The question of the good life, I imagine, was simple in the days before cities. It was having enough to eat, a place to sleep, clothing, tools, family and a tribal affiliation. So the good life was one of freedom from want and hardship. However, once the necessaries were provided, human beings wanted more out of life. Theories arose about how life ought to be lived.
Those who had the time and inclination to think more deeply about the good life for human beings were, first, the religious poets and prophets, and, then, the philosophers. Religion taught people to live a good life as defined by a religious teaching. Religion, as it were, does the thinking for the people who do not have time to think things through for themselves. Philosophy, however, asks people to think for themselves, to question doubtful premises and assumptions using reason, logic, and experience to provide the best arguments for their own position, while being able to put forward objections to rival arguments, and to answer objections to their own.
Every familiar religion embodies a code of conduct, notions of purity and impurity, moral standards, and a strong link with something considered Divine. In some forms of Christianity, for example, the good life is one that is lived in loving obedience to God’s commands and in the belief that Jesus is the personal savior of humankind. This is a life of self-renunciation, service to others and asceticism. We know of it because of Divine revelation. We accept it on faith as a dogma of the religion. Other religions have other dogmas.
The philosophers I respect proceed non-dogmatically. They want us to examine the views that have been advanced, compare them, and then decide which conclusion is supported by the best argument. Looking around, the early philosophers saw that people pursue different things in life depending upon their desires. Some pursue pleasure, others wealth, fame, or power over others. It is the same today.
It turns out, upon philosophical reflection, that the satisfaction of these desires does not, in the end, make people happy. Those who pursue pleasure become jaded. The wealthy become habituated to their luxurious lifestyle. Fame palls and one is forced to live in the gaze of others. The quest for power breeds fear and suspicion in the powerful and in their subordinates.
Finally, there are some people who appear to pursue truth and wisdom rather than pleasure, riches, fame or power. These, of course, are the philosophers. To be honest, when philosophers talk about the good life, they stack the deck in their own favor. Whenever they discuss it, the good life is the philosophical life. This does not mean that they are wrong, but we should be cautious how we receive their arguments. There is no such thing as the good life for everyone, and neither philosophers nor religious expositors have any right to lay down the law about it.

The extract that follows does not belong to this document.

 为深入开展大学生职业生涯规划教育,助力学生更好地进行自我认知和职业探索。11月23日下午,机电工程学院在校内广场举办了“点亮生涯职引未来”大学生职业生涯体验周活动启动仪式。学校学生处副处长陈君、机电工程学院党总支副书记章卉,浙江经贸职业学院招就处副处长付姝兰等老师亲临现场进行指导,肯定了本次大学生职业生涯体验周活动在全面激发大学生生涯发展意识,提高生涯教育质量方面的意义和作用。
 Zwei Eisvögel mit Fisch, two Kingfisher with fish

Nevertheless, with this caveat, there are a number of things that the philosophical life has to recommend it. As Aristotle tells us, it begins in wonder at the universe and the spectacle of life. It proceeds through the cultivation of learning and reason, through the dialectical give and take of discussion, through awareness of varying points of view, and through understanding the pertinent questions to ask. Philosophers use conversation as a means of investigating reality. It is an integral part of the philosophical life. The Socratic method of questioning is a perfect example. In fact, Socrates embodies a certain take on the philosophical life. It is one that includes having a good memory for what people say, inexhaustible curiosity, and a desire to get to the bottom of things. Another key element is Socratic ignorance. A keen sense of how little we know is a valued asset in the philosophical life, as is a skeptical attitude toward all dogmatic religious or philosophical speculations. Finally, the philosopher requires a kind of courage to pursue arguments to their conclusions, whether those conclusions are welcomed or not.
As to the way philosophers should live, Aristotle puts it well in his Golden Mean: All things in moderation; nothing to excess. And we may add: Eat right, exercise and acquire habits of feeling, thought and action that lead to moral and intellectual excellence. The good life is a life devoted to the discovery and communication of truth within a community of like-minded people possessing moral integrity and a genuine desire to learn.